# Freshwater fishing in Luzon



## HardballUSA (Jul 24, 2014)

Has anyone fished Pantabagan Lake? I read there is good Bass fishing there. Are there any other "Fresh" water lakes or streams in Luzon worth fishing? Anyone on the forum ever done ANY fresh water fishing anywhere in PH?


----------



## M.C.A. (Feb 24, 2013)

I also miss fresh water fishing, I'm water front property near the Sta Cruz Laguna area or Laguna de Bay. 

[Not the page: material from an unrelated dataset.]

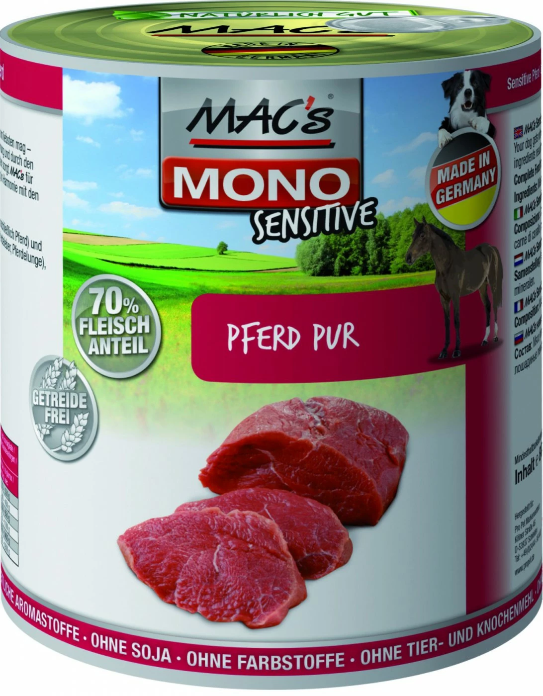 MACs Dog Mono Sensitive Pferd Pur – Getreidefreies Nassfutter aus purem Pferdefleisch für fütterungssensible Hunde

In some area's you can find large clams, the other clams are tiny and could make you extremely ill. Fishing is very difficult because these lakes are pretty much over fished, I once tried it with a net and all we caught were really small cat fish and tilapia but there is a carp but these fish are caught out in the middle and deeper area's the carp is delicious and it lives in the lakes, the color of it is white but it doesn't look like the ugly carp stateside. 

There are certain area's where the tilapia are plenty and so are the larger fish, odd fish such as the Snake head (real delicious) if cooked over coconut shells, there's another fish called the Big Head, it's horrible the fat when burned off smells terrible this is a fish the locals avoid unless they are very hungry another fish labeled the Black Cod, it's really good, looks similar to a catfish also.

I thought about buying one of those locally manufactured fiberglass boats (10,000 pesos plus) and get out farther but my wife and neighbors told me that's not a good idea, due to hold uppers.

I looked up your lake and it's north of Manila so a very long ways from where we are.


----------



## magsasaja (Jan 31, 2014)

My English Friend fishes on Pantabagan lake at least once a week. 
Just had a look at his facebook page and he catches Tawis (Bass) on a regular basis. He has caught bass up to 7kg, using a artificial worm.


----------



## HardballUSA (Jul 24, 2014)

Now that's what I wanted to hear!! TY.
I'm packing my ultra-light tackle in a Balikbayan box now. ;-)
TB


----------



## pakawala (Sep 10, 2014)

Tournament inf. for Pantabagan & other locations. 

PGFF entrance


----------



## expatuk2016 (Mar 20, 2016)

M.C.A. said:


> I also miss fresh water fishing, I'm water front property near the Sta Cruz Laguna area or Laguna de Bay.
> 
> In some area's you can find large clams, the other clams are tiny and could make you extremely ill. Fishing is very difficult because these lakes are pretty much over fished, I once tried it with a net and all we caught were really small cat fish and tilapia but there is a carp but these fish are caught out in the middle and deeper area's the carp is delicious and it lives in the lakes, the color of it is white but it doesn't look like the ugly carp stateside.
> 
> ...


A word of warning !! I also live on the edge of Laguna De Bay and and the wife has a cousin who runs a Fish business with his nets etc out in the middle of the bay and he and his " Boys " dont take kindly to Trespassers ! 
Even other family members are warned to stay away ! 
From where I live I often see men and woman fishing with rods early in the morning and late afternoon but they are always just a few yards from the edge.
And they do catch many fish.


----------



## M.C.A. (Feb 24, 2013)

*Milk Fish*



expatuk2016 said:


> A word of warning !! I also live on the edge of Laguna De Bay and and the wife has a cousin who runs a Fish business with his nets etc out in the middle of the bay and he and his " Boys " dont take kindly to Trespassers !
> Even other family members are warned to stay away !
> From where I live I often see men and woman fishing with rods early in the morning and late afternoon but they are always just a few yards from the edge.
> And they do catch many fish.


After rough weather the milkfish sometimes get loose and these fish can be very large and price is dirt cheap. About 4 months ago we bought from a lady selling on road and I couldn't believe the size of these Milk Fish, I stalked up our freezer. My neighbor used to have a fish farm in the back but after one of the typhoons he lost everything.


----------



## texxan1 (Apr 5, 2016)

I will be coming there soon and other than finding a few dates.. Fishing is always on my mind...

I fish for a living in the states, and am going to miss that alot... I look forward to fishing all over the phils eventually


----------